9.2.3.1. Basic tee Usage#

# Display and save output
ls /tmp | tee file_list.txt

# Append instead of overwriting
du -sh * | tee -a disk_usage.log

# Write to multiple files
date | tee log1.txt log2.txt

# Discard screen output, just save to file
long_command | tee /dev/null > output.log  # Actually just: long_command > output.log

9.2.3.2. Pipe to Multiple Commands#

# Process output in parallel paths
cat data.txt | tee >(sort > sorted.txt) >(wc -l) | grep pattern

# Save raw output and processed versions
command | tee raw.log | grep "ERROR" > errors.log

9.2.4. Xargs: Passing Output as Arguments#

The xargs command converts stdin into command arguments:

9.2.4.1. Basic xargs Usage#

# List files, pass each to a command
find . -name "*.log" | xargs rm

# Rename files with spaces in names
find . -name "*.txt" | xargs -I {} mv {} {}.bak

# Parallel processing (run 4 jobs at a time)
find . -name "*.jpg" | xargs -P 4 -I {} convert {} {}.png

9.2.4.2. Handling Special Characters#

# Use null delimiter for filenames with spaces
find . -name "*.txt" -print0 | xargs -0 wc -l

# Display each argument before executing
find . -name "*.old" -print0 | xargs -0 -v rm

# Confirm before each execution
find . -name "*.tmp" -print0 | xargs -0 -p rm

9.2.4.3. Common xargs Options#

# -I {} : Replace {} with each argument
echo "file1 file2 file3" | xargs -I {} echo "Processing: {}"
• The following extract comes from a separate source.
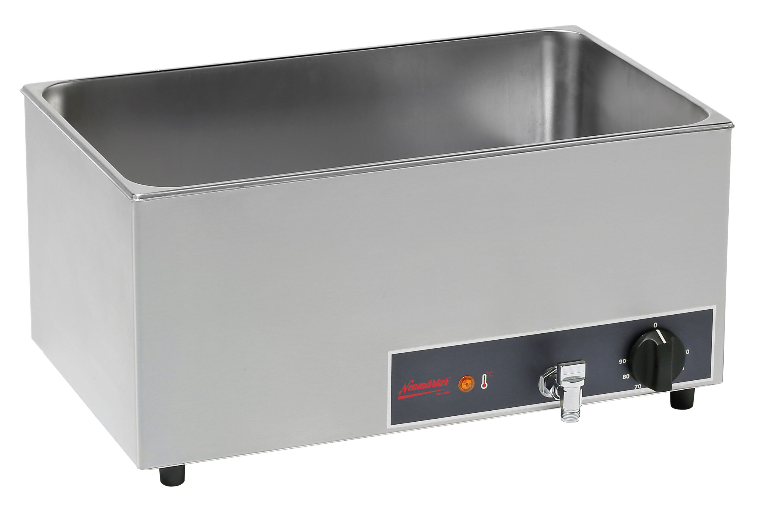 Perfekt geeignet für warme Soßen am Crêpesstand (Schokosoße, Vanillesoße, Rote Grütze etc.) n- Wasserbad für eine gleichmäßige Wärmeverteilung verhindert das Anbrennen der Speisen n- Gehäuse Edelstahl n- Thermostat 0 bis 90°C n- Beckengröße 1/1 GN x 160 mm Tiefe n- Geeignet z.B. für 6x 1/6 oder 3x 1/3 GN-Behälter mit 150 mm Tiefe n- Mit Wasserablaufhahn aus Edelstahl n- GN-Behälter, Deckel und Zwischenstege nicht im Lieferumfang enthalten

# -n 2 : Pass 2 arguments per execution
echo -e "1\n2\n3\n4\n5" | xargs -n 2 echo

# -P 0 : No limit on parallel jobs
find . -name "*.txt" | xargs -P 0 -I {} process_file {}

9.2.5. Process Substitution#

Process substitution allows you to use command output as if it were a file:

9.2.5.1. Using <() for Input#

# Compare output of two commands
diff <(ls dir1) <(ls dir2)

# Combine multiple outputs into one command
sort -m <(sort file1.txt) <(sort file2.txt)
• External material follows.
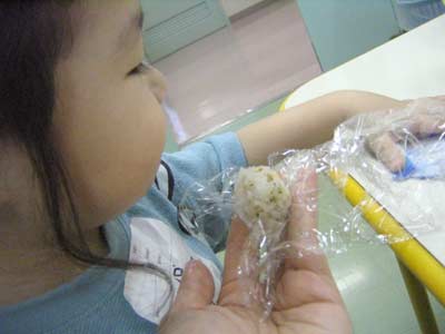 おにぎりで、パックパク。 |

# Pass command output as a file argument
tar -czf backup.tar.gz <(find . -name "*.txt") <(find . -name "*.md")

9.2.5.2. Using >() for Output#

# Write output of one command to multiple destinations
tee >(command1) >(command2) < input.txt

# Example: log output while also displaying it
long_running_command | tee >(cat > output.log) >(cat > verbose_log.txt)

9.2.5.3. Practical Use Case#

# Compare server configurations
diff <(ssh server1 "cat /etc/config.conf") <(ssh server2 "cat /etc/config.conf")

9.2.6. Pipes: Connecting Commands#

The pipe operator | sends the stdout of one command to the stdin of another.

9.2.6.1. Basic Piping#

# Count the number of files in /tmp
ls /tmp | wc -l

# Find lines containing "error"
cat logfile.txt | grep "error"

# Sort and count unique values
cat data.txt | sort | uniq -c | sort -rn

9.2.6.2. Chaining Multiple Pipes#

# Extract usernames from /etc/passwd, sort, remove duplicates
cut -d: -f1 /etc/passwd | sort | uniq

# Find large files, showing only the filename
ls -lR / | grep "^-" | awk '{print $NF, $5}' | sort -rn | head -10

# Count occurrences of each word
cat document.txt | tr ' ' '\n' | grep -v '^$' | sort | uniq -c | sort -rn

9.2.6.3. Avoiding Unnecessary Pipes#

# Inefficient: using grep in a pipe
cat file.txt | grep pattern | wc -l

# Better: let grep do the counting
grep -c pattern file.txt

# Inefficient: unnecessary cat
cat file.txt | sort

# Better: redirect directly
sort < file.txt